А я всегда отстаивал свои права, всегда бился И боролся с отцом за свою независимость, неподчиненность, право выбора и своего суждения, и, видит Бог, мне это не легко давалось.
Но в этот раз мы расстались все-таки мирно, почти, я бы это назвал «угрожающим миром», хотя он сказал маме, что как давал мне, так и будет давать рубль в день на еду, несмотря на то что я «ухожу» из дома, «бросаю» его и «не желаю с ним жить», глубоко его этим оскорбляя. Для него деньги были вечно большое дело, и рубль в день считалось как «манна небесная».

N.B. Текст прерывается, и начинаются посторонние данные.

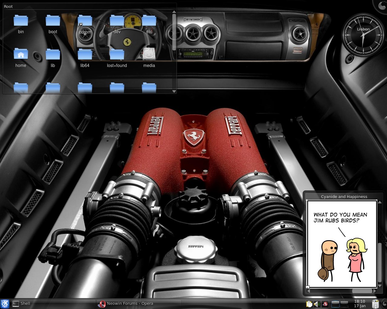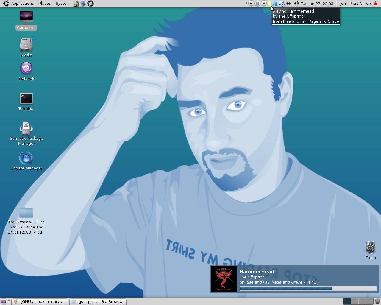 DJD Posted January 19, 2009 Share Posted January 19, 2009 Here is mine: Icon theme: Neon GTK 2.0 theme: Dust Wallpaper: Jessica Alba, can be found at skins.be. Font: Segoe UI Link to comment Share on other sites More sharing options...
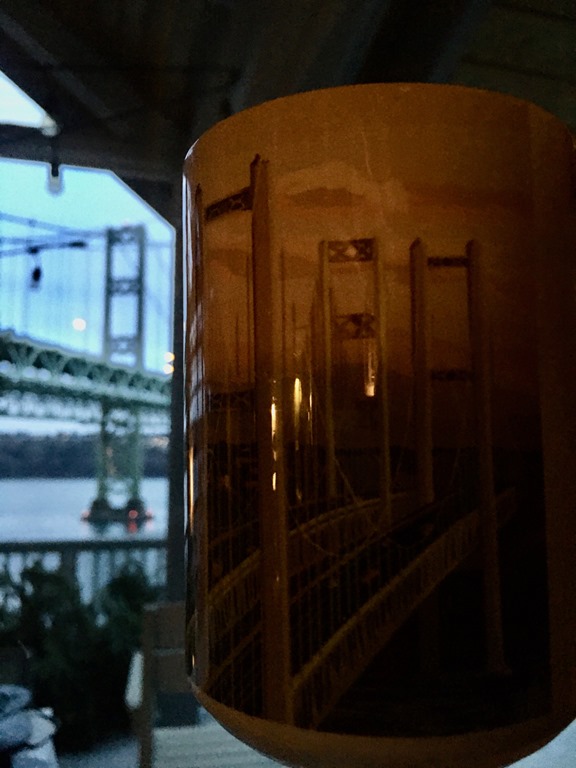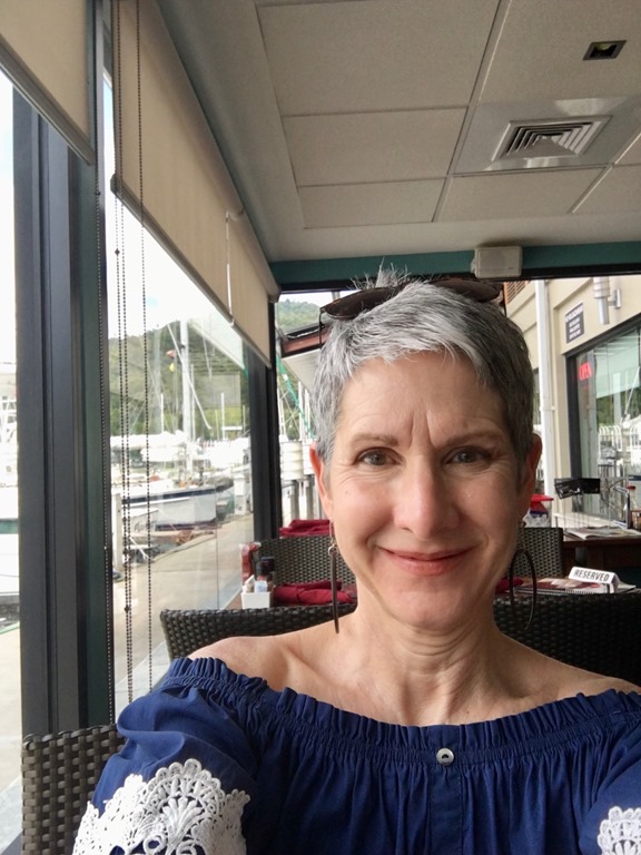 My little sister, Jenny, and brother-in-law, Bob treated me to lunch on the way to their home from the airport after my overnight flight. What a great way to reacclimatize to winter! The scene through the restaurant windows was similar to where I had just left, with a harbor and boats docked in a little marina close by…except for the light fall of SNOW—just a little thing, haha!
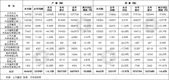 上汽集团1-6月累计销量达2937296辆 同比下滑16.62%
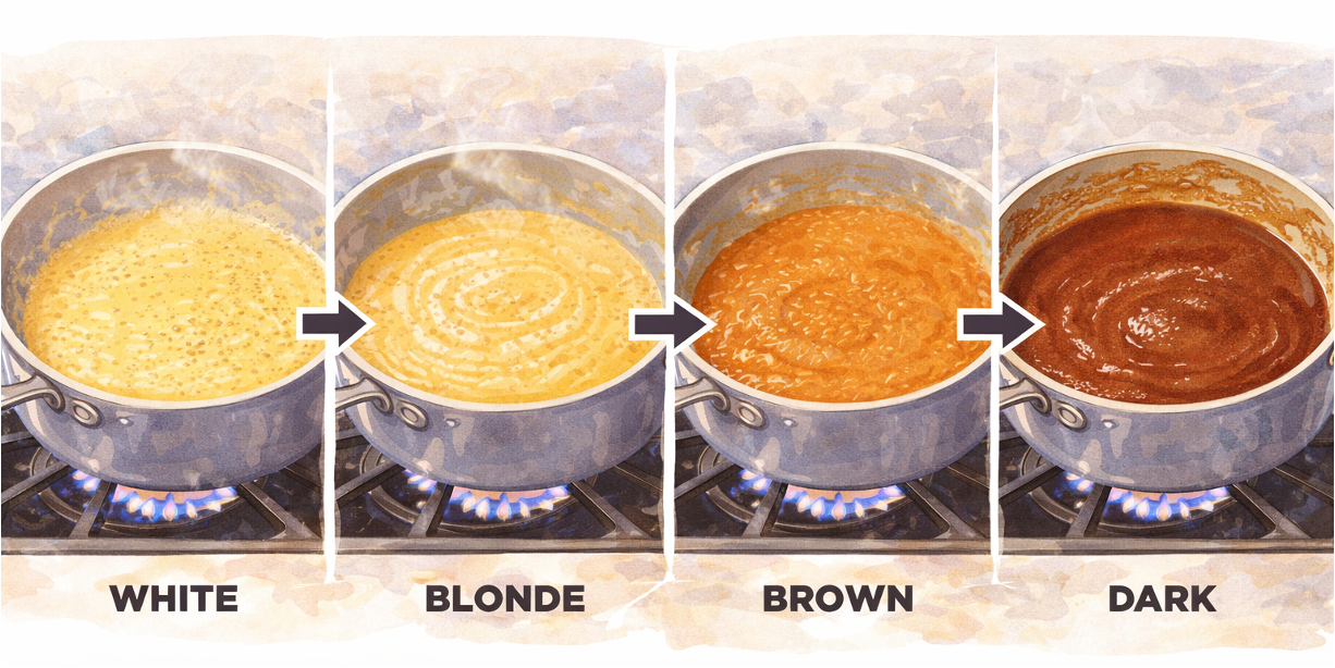 Roux changes character depending on how long it cooks. Each stage serves a different purpose.
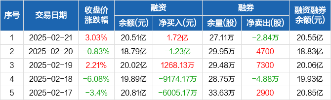 融资方面,当日融资买入4.21亿元,融资偿还2.49亿元,融资净买入1.72亿元,净买入额两市排名第16。融券方面,融券卖出1900股,融券偿还3.03万股,融券余量27.11万股,融券余额332.37万元。融资融券余额合计20.55亿元。
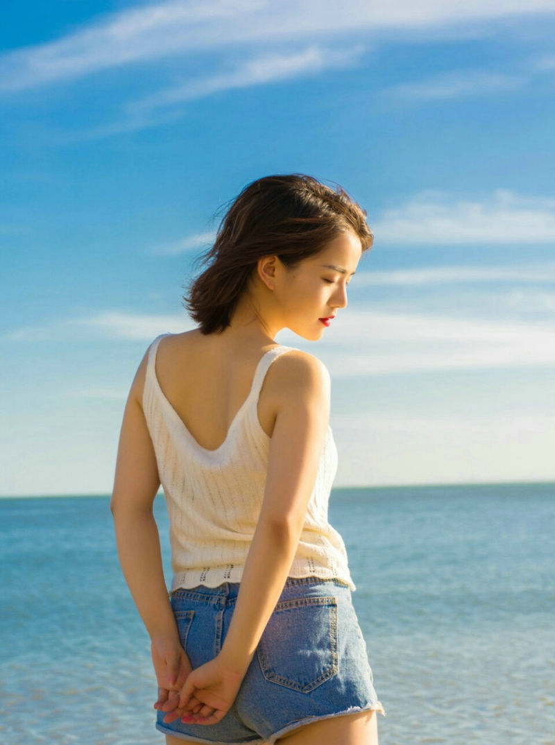 海边高颜值美美女背心牛仔裤养眼动人写真-套图吧
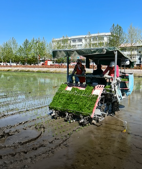 5月4日,伊犁河谷的察布查爾縣開始水稻插秧。
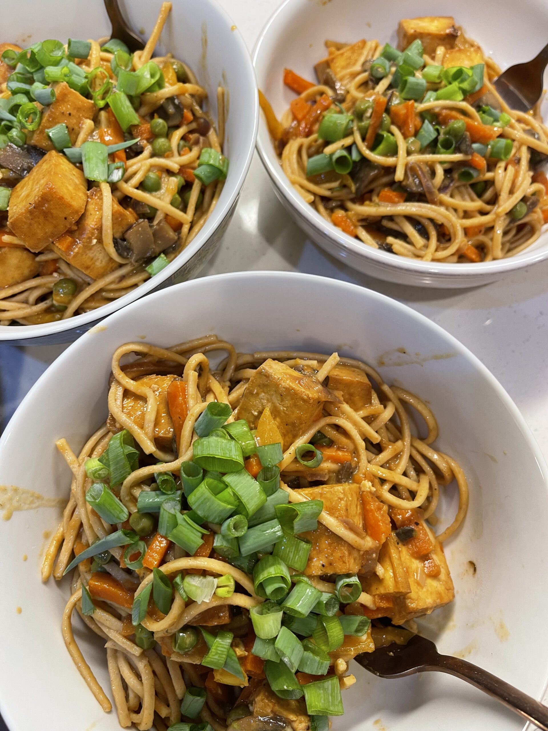 - Vegan pad Thai with a sunflower butter “peanut” sauce
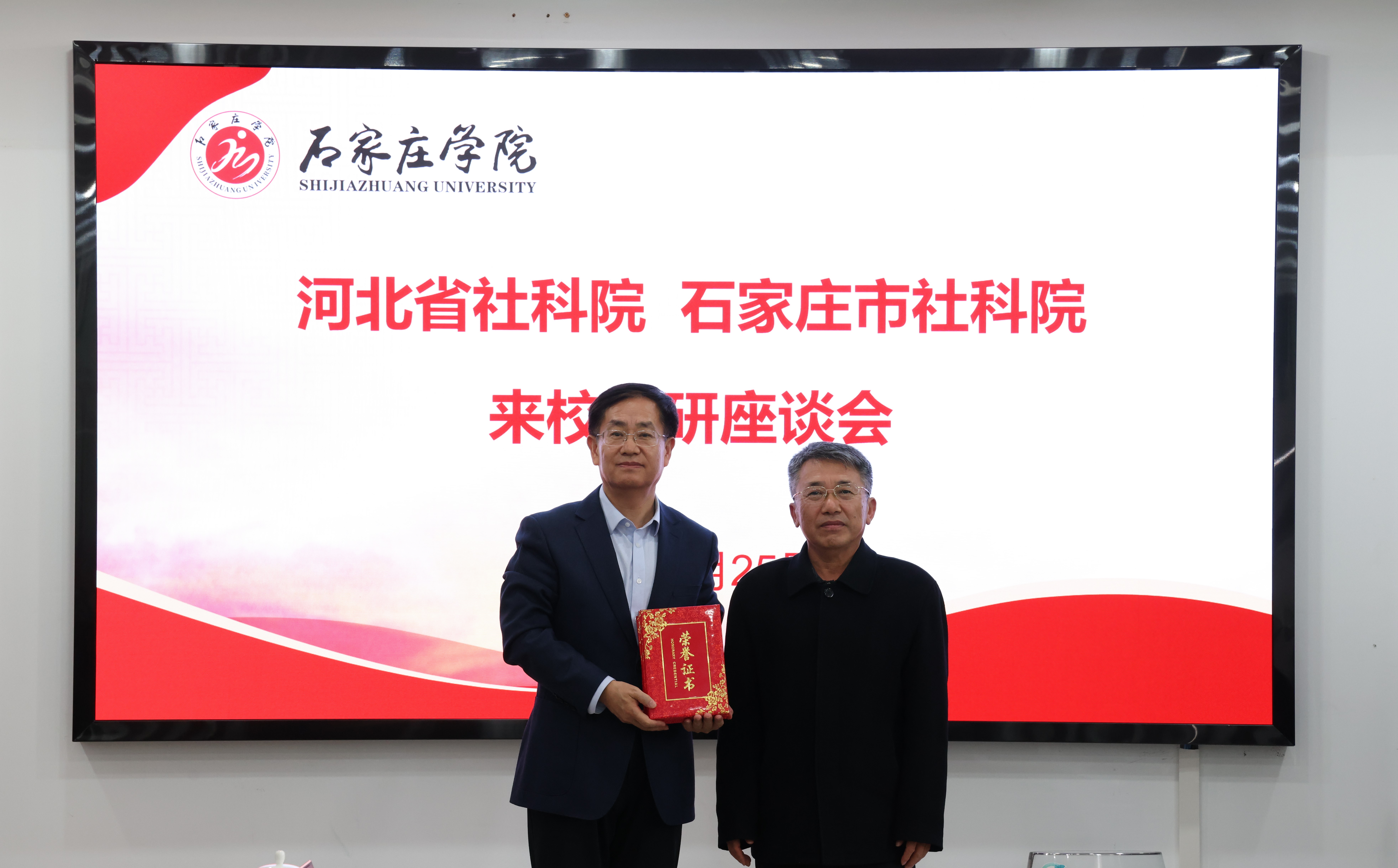 袁宝东简要介绍了河北省社会科学院及中共河北省委讲师团的相关工作,并为我校入选河北省社科院“新思想引领新征程”主题宣讲成果颁发荣誉证书。他表示,我校理论宣讲工作理念新颖、成效突出、数智化建设成果显著、实践育人落地见效,真正实现了理论宣讲与社会实践深度融合,推动了党的创新理论切实融入校园、浸润师生、走向社会。期待与我校建立更加紧密的联系,共同为理论宣讲工作提质增效。
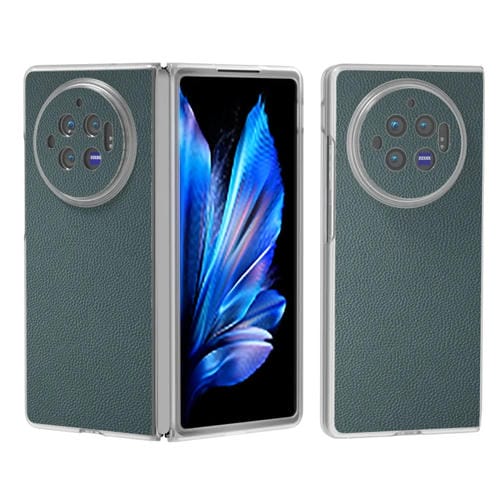 Para Vivo X Fold3 Abeel Funda para Teléfono con Borde Transparente Esmerilado Elegante de Cuero Genuino (Verde)
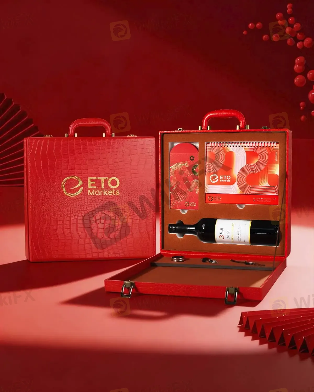 礼盒以热烈红色为基调,覆以典雅红色鳄纹皮质,触感沉稳厚重。烫金骏马标识如骏马蹄金印,熠熠生辉,光芒谦逊而坚定。开启之瞬,宛若骏马昂首启程,寓意着 ETO Markets 与您并肩前行、共拓马年新程。
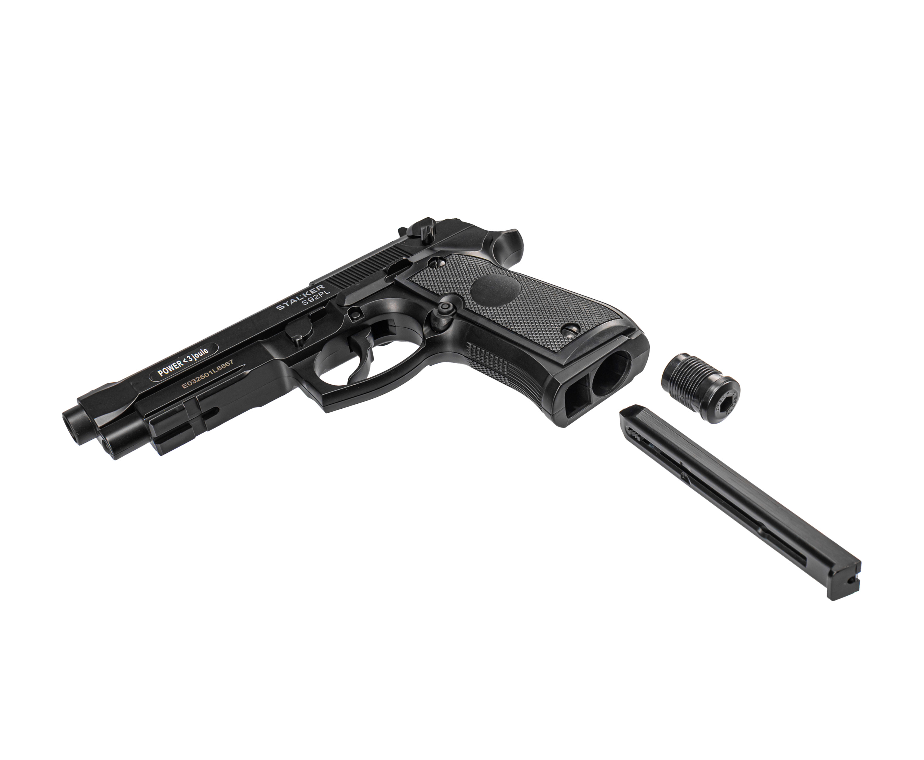 Для боепитания стандартными сферическими пулями калибра 4.5 миллиметра пневматический пистолет Stalker S92PL 2 комплектуется универсальным однорядным магазином, рассчитанным на двадцать мест.
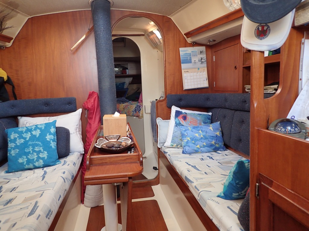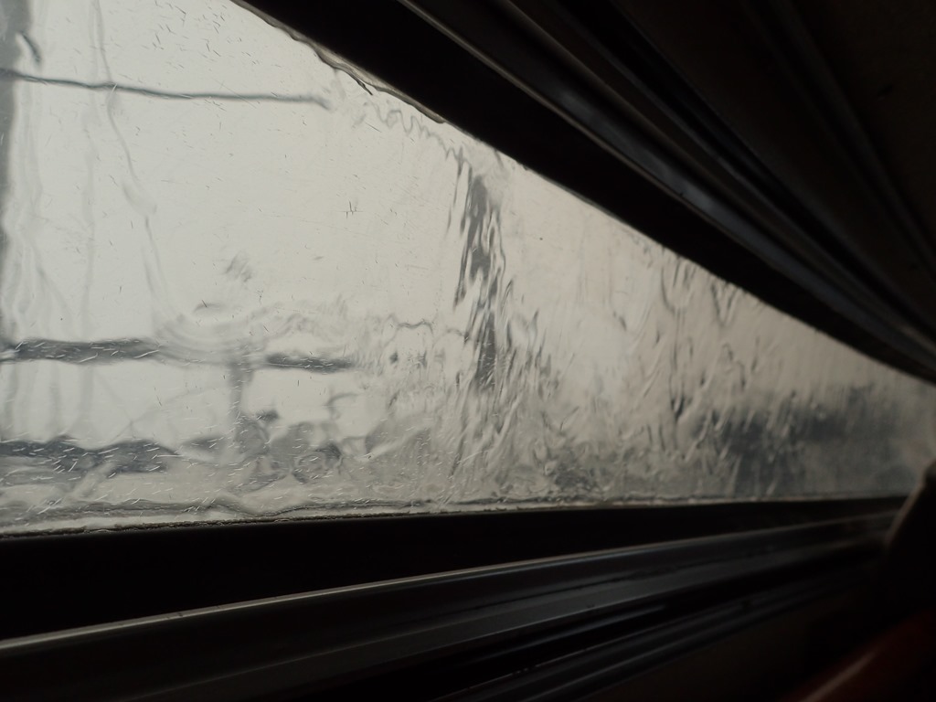 Motu Iti was in great condition – all that cleaning in the spring paid off!   But launch day was slightly delayed due to heavy rain and squalls.  Here was the view from inside our boat.  We left the rental after three nights and spent the next two nights up on the hard,  climbing a ladder to get aboard.

Он всегда приводил мне пример, как он жил, и как они учились, и что ему его папа ничего не давал, — 40-е годы, война еще не началась, отец окончил 2-й московский медицинский, был выпускной, а через день она началась, 22 июня. Я ему всегда отвечал: что он хочет, чтобы я сейчас так жил только потому, что он жил тогда, ходил босиком или спал на столе у тетки, имея в зубах кусок хлеба на два дня; чтобы я прошел через все это тоже? Все течет, прогресс, меняется (не изменяется… какая разница), другие времена, поэтому и я другой, и пожелания у меня иные. И кстати, говорил я, много от тебя не требую, посмотрел бы, что другие имеют в моем возрасте. «Паразит, вот ты кто, — говорит он, — а я знаю тысячи, кто мечтал бы жить, как ты живешь: в Москве, в отдельной квартире, учишься в лучшем институте, да еще государство тебе дармоеду платит стипендию, и напрасно, это явная ошибка государства. Мать-отец тебя кормят, поят, а ты баклуши бьешь, ни черта не делая, рассуждаешь только, все умным из себя прикидываешься, знали мы такие умы. Суковатым дрыном погнать бы тебя на производство, да чтоб повкалывал по двенадцать часов в день, как Ворошилов — в тринадцать лет в шахту спустился, а потом в рабочую общагу, в запах пота, который ты так „любишь“, да носки в нос соседа, и если еда хоть какая есть — хорошо, а наутро опять в смену, и так все время, все дни — пахать, пахать тебе надо. Только тогда оценишь, что тебе родители дают…»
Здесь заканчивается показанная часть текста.